Within just one day, the visitor to Calne can have breakfast in the nearby Georgian city of Bath, spend the afternoon visiting the world heritage sites at Stonehenge and Avebury, and see the famous white horses carved into the chalk hillsides, including the White Horse at Cherhill. Close by are Lacock Abbey, the Marlborough Downs and the Vale of Pewsey. Nearby towns and villages include Chippenham, Pewsey and Devizes, with their many listed buildings, and Marlborough, with its wide street and public school.

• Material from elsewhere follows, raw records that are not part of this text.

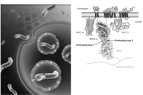 埃博拉病毒囊膜表面糖蛋白在内吞体里经过宿主蛋白酶的酶切处理,变成激活态糖蛋白,暴露出受体结合位点,来与NPC1分子的C结构域发生相互作用,从而启动后续的病毒膜融合过程,实现病毒的感染生活史。
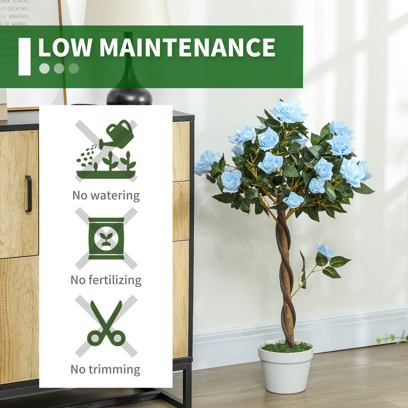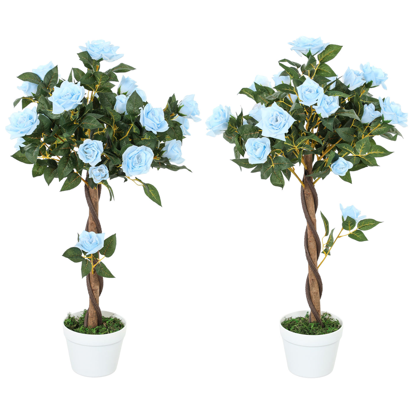 Outsunny Set of 2 Artificial Plants White Rose Floral in Pot, Fake Plants for Home Indoor Decor, 90cm, Light Blue
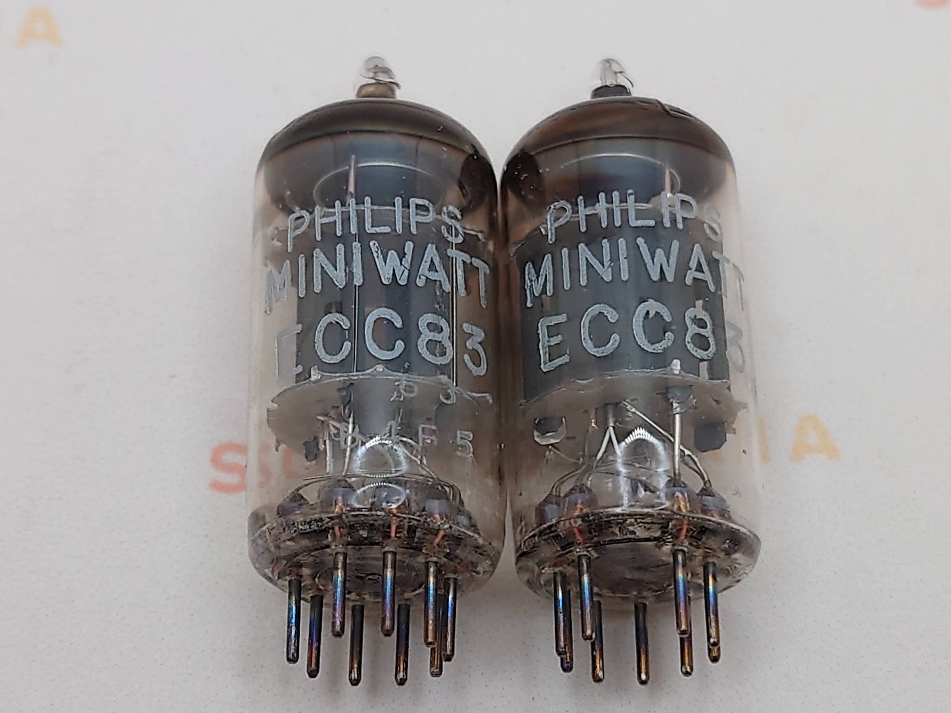 Mullard ECC83 Short Plates O-getter Matched Pair - Philips Label - Blackburn 1959 - Strong
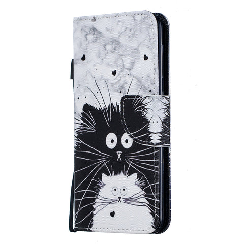 For Samsung A10/A20/A30 Smartphone Case PU Leather Wallet Design Cellphone Cover with Card Holder Stand Available Black white cat
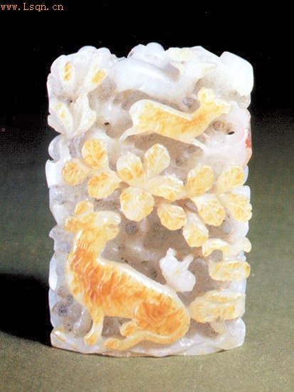 秋山玉则反映了辽金秋猎活动。多以俏色玉表现秋天树叶泛黄的情态,以镂空工艺雕琢山、林、鹿、熊、虎等野兽,风格写实,情趣盎然。
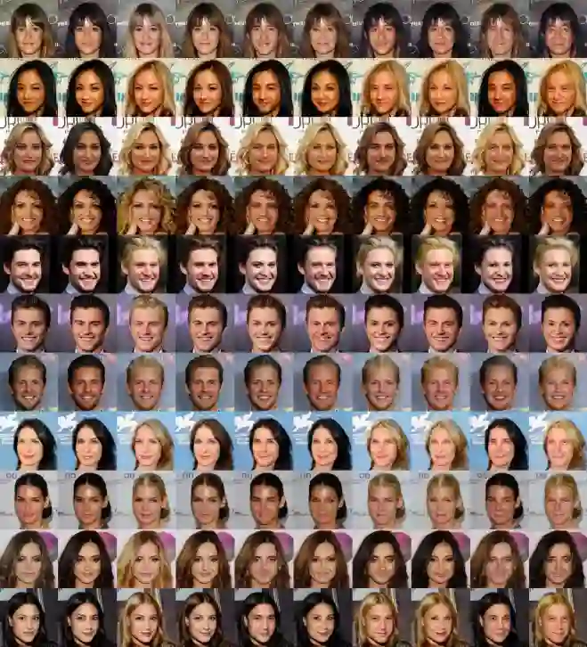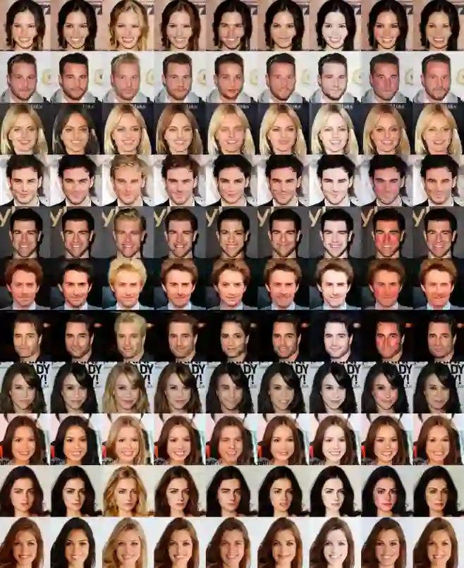 CelebA的全称是CelebFaces Attributes,它是香港中文大学汤晓鸥教授实验室公布的大型人脸识别数据集,包含202599张带注释的人脸图像及40余种人脸属性。研究人员将图片尺寸由178×218调整至128×128,并构建了7个域:头发颜色(黑色/金色/棕色)、性别(男/女)和年龄(年轻/年迈)。
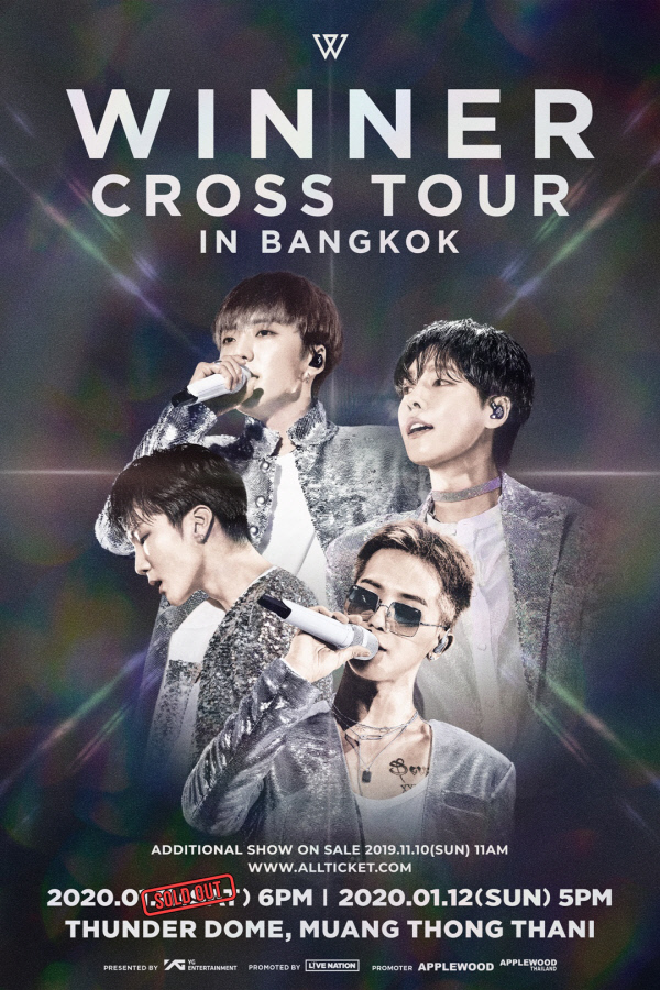 YG엔터테인먼트에 따르면 위너의 방콕 콘서트는 9일 오전 9시(현지 시각) 태국 올티켓(www.allticket.com)에서 예매 시작과 동시에 전석 매진됐다. YG엔터테인먼트는 ‘WINNER CROSS TOUR’ 방콕 콘서트 일정이 기존 예정됐던 2020년 1월 11일에 이어 12일 새롭게 추가됐다고 이날 오후 4시 공식 SNS를 통해 알렸다.

Towns with this sort of charm – when they are on the shores of Lake Garda – attract Irish tourists in our thousands every summer to northern Italy. Yet Calne and other towns on the edges of the Wiltshire Downs are just a short hop from Dublin: a 45-minute flight to Bristol, and an hour by train or bus through Bath and Chippenham. It is unlikely that Calne will ever become a popular destination for weekend tourists. Perhaps that’s because of the residual anti-English feelings that many Irish people still retain. Who would ever think of spending a weekend break in Calne and Wiltshire Downs? I would, but I’ll have them all to myself. I don’t know whether to be sad or happy.